| Title: | Geometric Markov Chain Sampling |
| Type: | Package |
| Version: | 1.3.1 |
| Maintainer: | Vivekananda Roy <vroy@iastate.edu> |
| Date: | 2026-2-27 |
| Description: | Simulates from discrete and continuous target distributions using geometric Metropolis-Hastings (MH) algorithms. Users specify the target distribution by an R function that evaluates the log un-normalized pdf or pmf. The package also contains a function implementing a specific geometric MH algorithm for performing high-dimensional Bayesian variable selection. |
| Encoding: | UTF-8 |
| RoxygenNote: | 7.3.3 |
| Imports: | Rcpp, cubature, Matrix, numDeriv, progress |
| LinkingTo: | Rcpp, RcppArmadillo |
| URL: | https://github.com/vroys/geommc |
| License: | GPL (≥ 3) |
| Suggests: | knitr, rmarkdown |
| VignetteBuilder: | knitr |
| NeedsCompilation: | yes |
| Packaged: | 2026-02-27 17:58:25 UTC; vroy |
| Author: | Vivekananda Roy |
| Repository: | CRAN |
| Date/Publication: | 2026-02-27 18:30:02 UTC |
geommc: Geometric Markov Chain Sampling
Description
Simulates from discrete and continuous target distributions using geometric Metropolis-Hastings (MH) algorithms. Users specify the target distribution by an R function that evaluates the log un-normalized pdf or pmf. The package also contains a function implementing a specific geometric MH algorithm for performing high-dimensional Bayesian variable selection.
Author(s)
Maintainer: Vivekananda Roy vroy@iastate.edu (ORCID)
See Also
Useful links:
Markov chain Monte Carlo for discrete and continuous distributions using geometric MH algorithms.
Description
geomc produces Markov chain samples from a user-defined target, which may be either a probability density function (pdf) or a probability mass function (pmf). The target is provided as an R function returning the log of its unnormalized pdf or pmf.
Usage
geomc(
logp,
initial,
n.iter,
eps = 0.5,
ind = FALSE,
gaus = TRUE,
imp = list(enabled = FALSE, n.samp = 100, samp.base = TRUE),
a = 1,
show.progress = TRUE,
...
)
Arguments
logp |
Either a function that evaluates the logarithm of the un-normalized target density (pdf or pmf) to sample from, or
a list containing at least one element named
|
initial |
is the initial state. |
n.iter |
is the no. of samples needed. |
eps |
is the value for epsilon perturbation. Default is 0.5. |
ind |
is False if either the base density, |
gaus |
is True if both |
imp |
A list of three elements controlling optional importance sampling. This list has components:
When |
a |
is the probability vector for the mixture proposal density. Default is the uniform distribution. |
show.progress |
Logical. Whether to show progress during sampling. Default: TRUE. |
... |
additional arguments passed to |
Details
The function geomc implements the geometric approach of Roy (2024) to move an initial (possibly uninformed)
base density f toward one or more approximate target densities g_i, i=1,\dots,k, thereby constructing
efficient proposal distributions for MCMC. The details of the method can be found in Roy (2024).

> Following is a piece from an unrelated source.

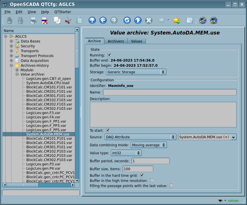 Ключевым компонентом архивирования значений непрерывных процессов является буфер значений, который предназначен для промежуточного хранения массива значений, полученного с указанной периодичностью (квантом времени). Буфер значений используется для непосредственного хранения больших массивов значений в архивах значений как перед непосредственным "сбросом" на физический носитель, так и для манипуляций с кадрами значений, т.е. в функциях покадрового запроса значений и их помещения в буфере архивов.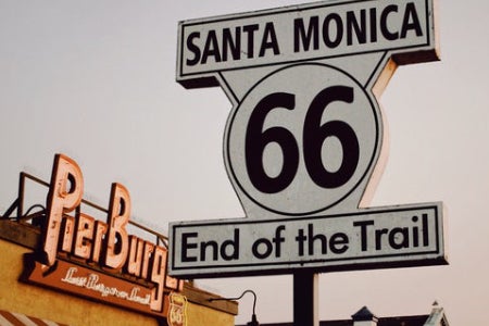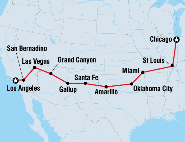 シカゴからロサンゼルスまで続くルート66は全長約3940km。それを約40日で走破する予定です。

The base density f can be user-specified through its mean, covariance matrix, density function, and sampling
function. One or more approximate target densities g_i, i=1,\dots,k can also be supplied. Just like the base
density, each approximate target may be specified through its mean, covariance, density, and sampling functions.
A Gaussian (f or g_i) density must be specified in terms of its mean
and covariance; optional density and sampling functions may also be supplied.
Non-Gaussian densities, including discrete pmfs for either the base or approximate target, are specified solely
via their density and sampling functions. If for either the base or the approximate target, the user specifies
both a density function and a sampling function but omits either the mean function or the covariance function,
then gaus = FALSE is automatically enforced.
If either or both of the mean and variance arguments and any of the density and sampling functions is
omitted for the base density, geomc automatically constructs a base density corresponding to a
random-walk proposal with an appropriate scale. If either or both of the mean and variance
arguments and any of the density and sampling functions is missing for the approximate target density,
then geomc automatically constructs a diffuse multivariate normal distribution as the approximate target.
If the target distribution is a pmf (i.e., a discrete distribution) then the user must provide the base pmf f
and one or more g_i's. The package vignette vignette(package="geommc") provides several useful choices for f
and g_i. In addition, the user must set gaus=FALSE and either supply bhat.coef or set imp$enabled=TRUE
(neither of which is the default for gaus or imp). This ensures that the algorithm uses either the user defined
bhat.coef function or the importance sampling, rather than numerical integration or closed-form Gaussian expressions,
for computing the Bhattacharyya coefficient \langle \sqrt{f}, \sqrt{g_i} \rangle for discrete distributions.
For a discussion and several illustrative examples of the geomc function, see the package vignette
vignette(package="geommc").
Value
The function returns a list with the following components:
samples |
A matrix containing the MCMC samples. Each row is one sample. |
acceptance.rate |
The Metropolis-Hastings acceptance rate. |
log.p |
A vector with the logarithm of the (un-normalized) target density for each MCMC sample. |
gaus |
The value of the logical gaus. |
ind |
The value of the logical ind. |
model.case |
Describes whether default settings are used for both functions
|
var.base |
The default variance used for the random-walk base density if not provided by the user. |
mean.ap.tar |
The default mean vector used for the approximate target density if not provided by the user. |
var.ap.tar |
The default covariance matrix used for the approximate target density if not provided by the user. |
Author(s)
Vivekananda Roy vroy@iastate.edu
References
Roy, V.(2024) A geometric approach to informative MCMC sampling https://arxiv.org/abs/2406.09010
Examples
#target is multivariate normal, sampling using geomc with default choices
log_target_mvnorm <- function(x, target.mean, target.Sigma) {d <- length(x)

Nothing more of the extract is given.